Maachi, A. ; Donaire, L. ; Hernando, Y. ; Aranda, M.A. Journal of Virology, August 2021 | doi : 10.1128/jvi.00421-22 Weeds surrounding crops may act as alternative hosts, playing important epidemiological roles as virus reservoirs and impacting virus evolution. We used high-throughput sequencing to identify viruses in Spanish melon crops and plants belonging to three pluriannual weed species, Ecballium elaterium, Malva sylvestris, and Solanum nigrum, sampled at the edges of the crops.
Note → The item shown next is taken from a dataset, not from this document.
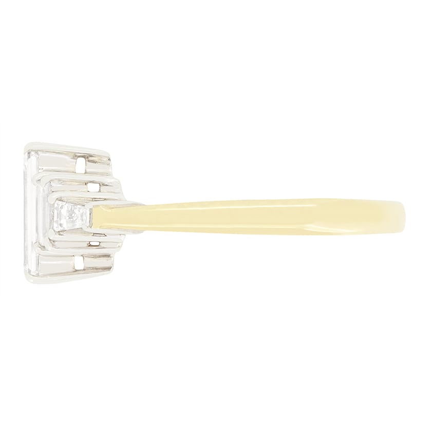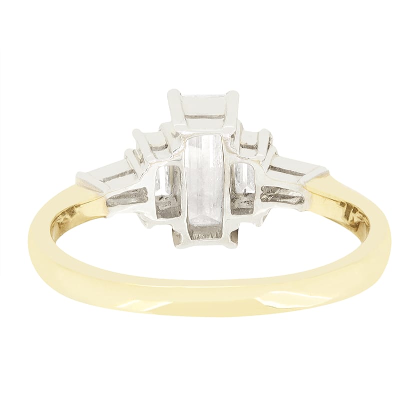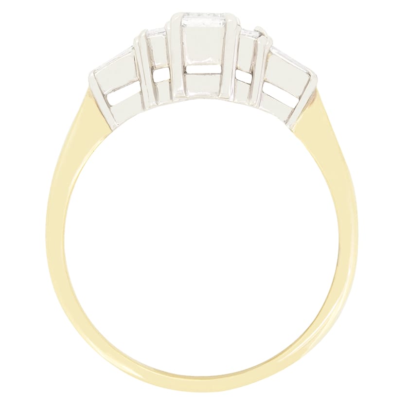 Dating to the 1960s, this beautiful five stone ring features a collection of baguette cut diamonds as the showpiece. The central stone sits the largest at 0.50 carat, with the flanking pair weighing 0.10 carat apiece and two tapered baguette cut diamonds sitting at either end, weighing 0.05 carat each. Each diamond is of matching quality with colour of G and clarity of SI1. The stones are each claw set into 18 carat white gold, with a contrasting band of 18 carat yellow gold completing the piece perfectly.

Melon and E. elaterium, both belonging to the family Cucurbitaceae, shared three virus species, whereas there was no virus species overlap between melon and the other two weeds. The diversity of cucurbit aphid-borne yellows virus (CABYV) and tomato leaf curl New Delhi virus (ToLCNDV), both in melon and E. elaterium, was further studied by amplicon sequencing. Phylogenetic and population genetics analyses showed that the CABYV population was structured by the host, identifying three sites in the CABYV RNA-dependent RNA polymerase under positive selection, perhaps reflecting host adaptation. The ToLCNDV population was much less diverse than the CABYV one, likely as a consequence of the relatively recent introduction of ToLCNDV in Spain. In spite of its low diversity, we identified geographical but no host differentiation for ToLCNDV. Potential virus migration fluxes between E. elaterium and melon plants were also analyzed. For CABYV, no evidence of migration between the populations of the two hosts was found, whereas important fluxes were identified between geographically distant subpopulations for each host. For ToLCNDV, in contrast, evidence of migration from melon to E. elaterium was found, but not the other way around.